In December 2015, Escape Artists Motion Pictures agreed to distribute the film, raising the profile and commercial viability of the project.

==Soundtrack ==
The soundtrack was composed by debutant Maria Jerald, and lyrics were done by Kabilan Vairamuthu and Viveka. The song "Obama" was well received by the audience. The background score was done by S. P. Venkatesh.

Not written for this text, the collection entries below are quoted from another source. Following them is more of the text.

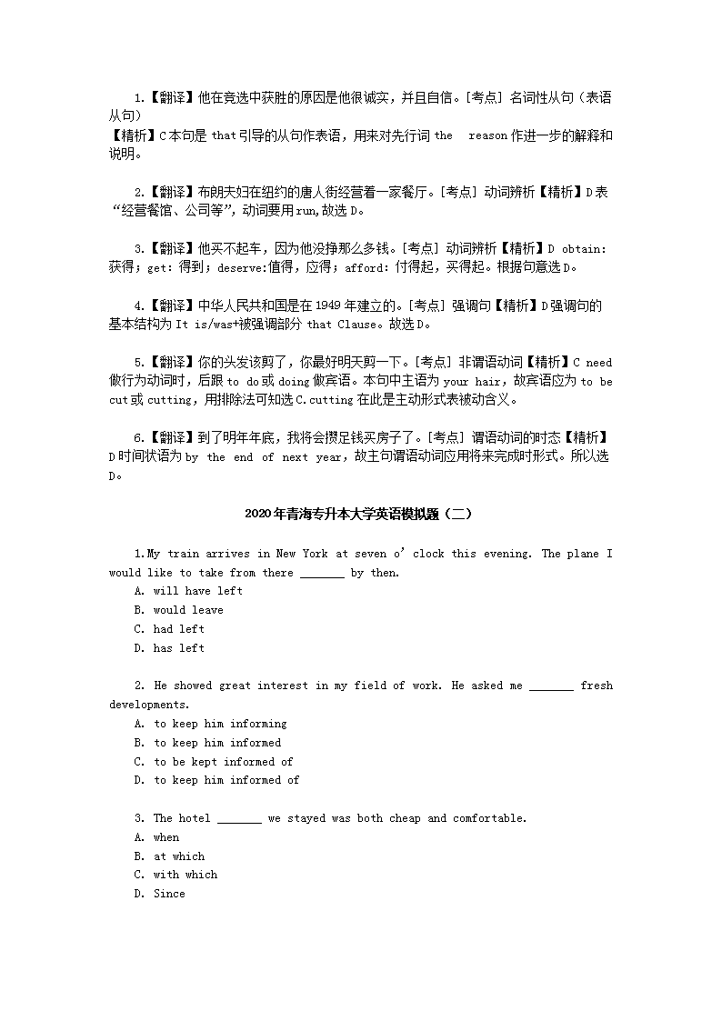 【文档预览】 无忧考网整理发布2020年青海专升本大学英语模拟题三套(Word版),前五页预览如下:
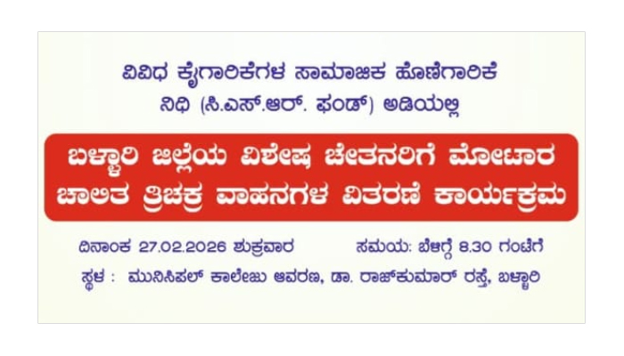 ಬಳ್ಳಾರಿ: ಜಿಲ್ಲಾಡಳಿತ, ಕಾರ್ಮಿಕ ಇಲಾಖೆ ಹಾಗೂ ಕಾರ್ಖಾನೆಗಳು, ಬಾಯ್ಲರುಗಳು, ಕೈಗಾರಿಕಾ ಸುರಕ್ಷತೆ ಮತ್ತು ಆರೋಗ್ಯ ಇಲಾಖೆ ಹಾಗೂ ವಿಕಲಚೇತನರ ಮತ್ತು ಹಿರಿಯ ನಾಗರಿಕರ ಸಬಲೀಕರಣ ಇಲಾಖೆ ಇವರ ಸಂಯುಕ್ತಾಶ್ರಯದಲ್ಲಿ ಫೆ.27 ರಂದು ಬೆಳಿಗ್ಗೆ 08:30 ಗಂಟೆಗೆ ನಗರದ ಡಾ.ರಾಜ್ ಕುಮಾರ್ ರಸ್ತೆಯ ಮುನಿಸಿಪಲ್ ಕಾಲೇಜು ಆವರಣದಲ್ಲಿ ಜಿಲ್ಲೆಯ ವಿವಿಧ ಕೈಗಾರಿಕೆಗಳ ಸಾಮಾಜಿಕ ಹೊಣೆಗಾರಿಕೆ ನಿಧಿ(ಸಿಎಸ್ ಆರ್) ಅಡಿ ಬಳ್ಳಾರಿ ಜಿಲ್ಲೆಯ ವಿಶೇಷ ಚೇತನರಿಗೆ ಮೋಟಾರ್ ಚಾಲಿತ ತ್ರಿಚಕ್ರ ವಾಹನಗಳ ವಿತರಣೆ ಕಾರ್ಯಕ್ರಮ ಹಮ್ಮಿಕೊಳ್ಳಲಾಗಿದೆ.
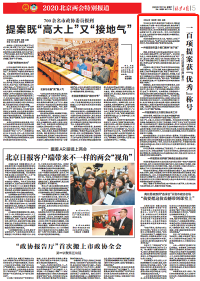 为2022年北京冬奥会的医疗保障支招,帮轨道交通站点地下空间一体化利用出谋划策,推动多部门畅通企业退出机制……2019年,北京市政协委员纷纷发挥自身优势,为首都各项事业发展建言献策,提出提案1327件,立案1220件。其中,100件聚焦医疗、交通、古都风貌保护等热点的提案从中脱颖而出,获得“优秀”称号。
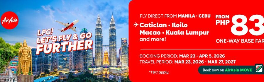 Fly further with AirAsia this summer! Book flights to select AirAsia destinations for as low as Php83 one-way base fare.
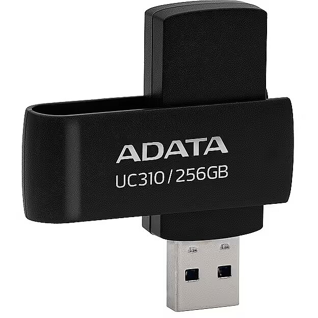 LongSummaryDescription - ADATA UC310. Capacity: 256 GB, Device interface: USB Type-A, USB version: 3.2 Gen 1 (3.1 Gen 1), Read speed: 100 MB/s. Form factor: Swivel. Weight: 9 g. Product colour: Black
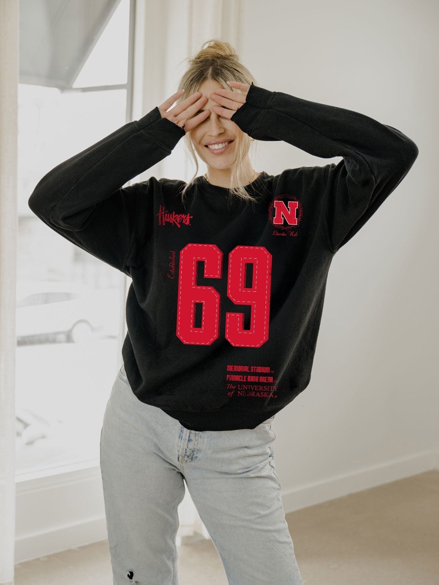 Nebraska Huskers Crest Stamp Black Thrifted Sweatshirt
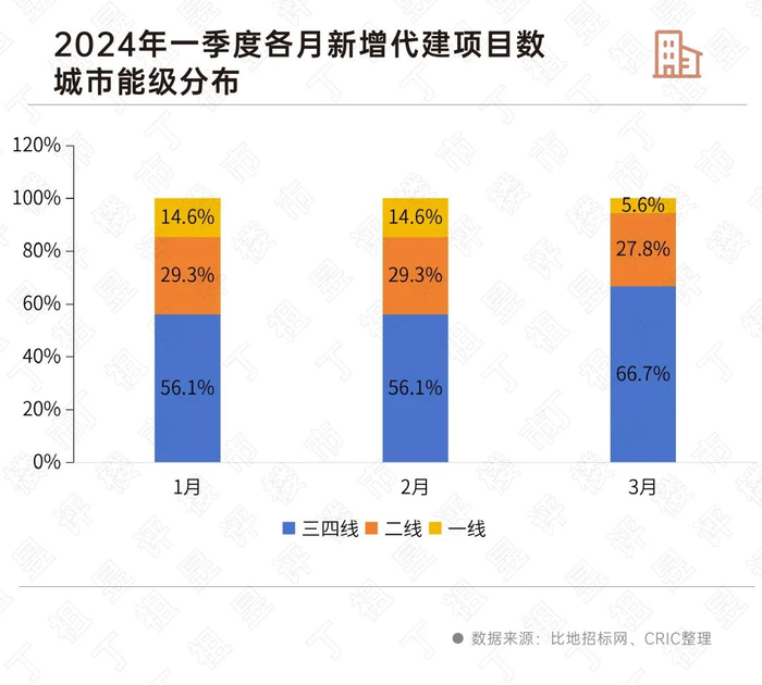 三四线城市是代建增量的主要来源,一季度中标代建项目有59.3%位于三四线,占比接近六成。一线城市占比为11.9%。二线城市是28.8%。
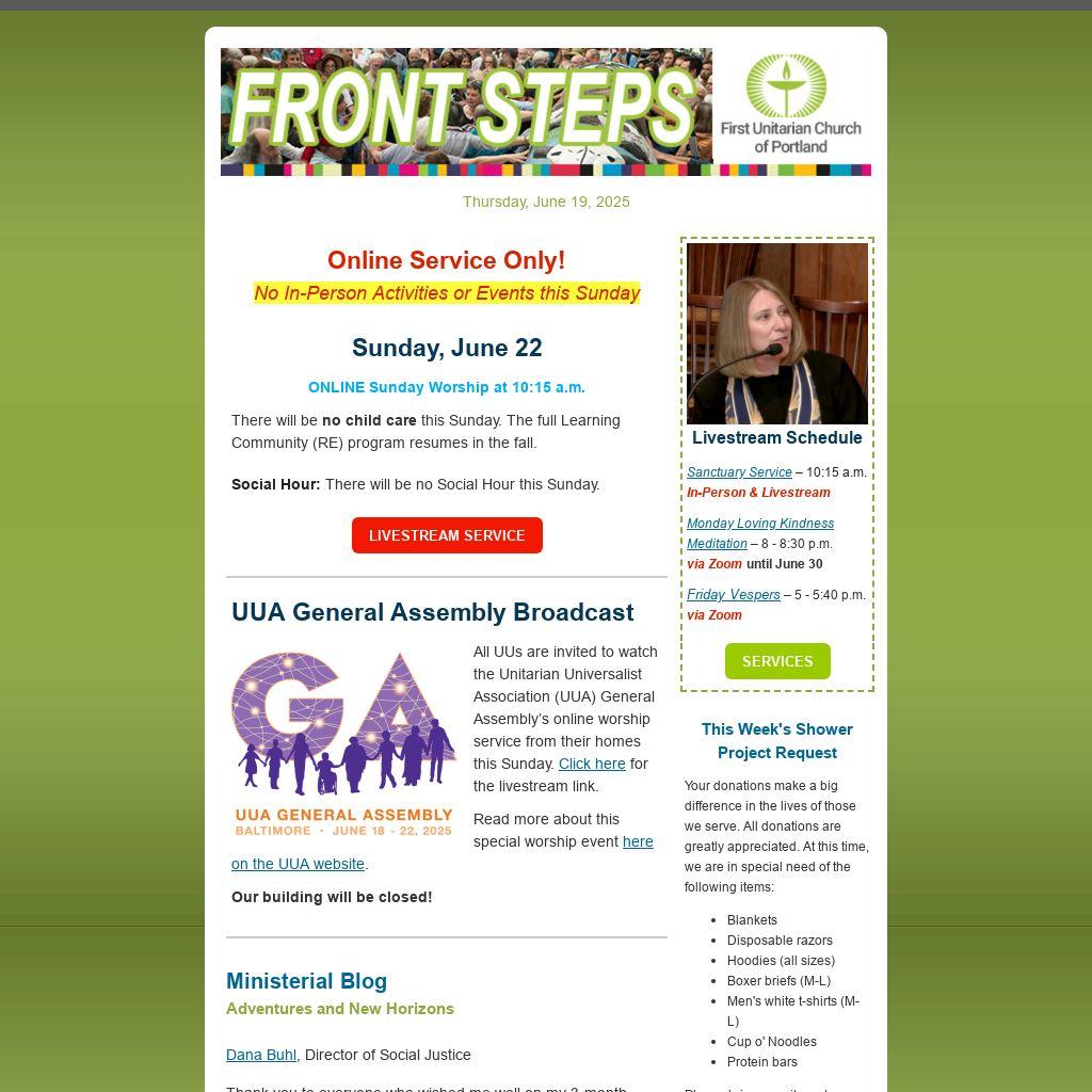 Beginning this Sunday, First Unitarian Portland will be on our summer schedule! Sunday worship services continue at 10:15 a.m. followed by social hour, a few new offerings will appear, and some groups and activities will pause until the new church program year begins in September.

| Songs | Singers | Lyrics |
|---|---|---|
| "Obama" | Thambi Ramaiah, Rajendran | Viveka |
| "Maandhreega Kaari" | Anthony Daasan | Kabilan Vairamuthu |
| "Peigal Jaakiradhai" | Diwakar | Kabilan Vairamuthu |

==Release==
The film opened on 1 January 2016 to mixed reviews, with a critic from Times of India noting "much of the humour is silly and we do experience a twinge of embarrassment for having laughed at the uninspired jokes — but that happens only after the film is over". The critic also likened the film's plot to Massu Engira Masilamani (2015) and Om Shanthi Om (2015), stating that in "less than a year, we have had three Tamil films which have been inspired from the Korean comedy, Hello Ghost (2010)".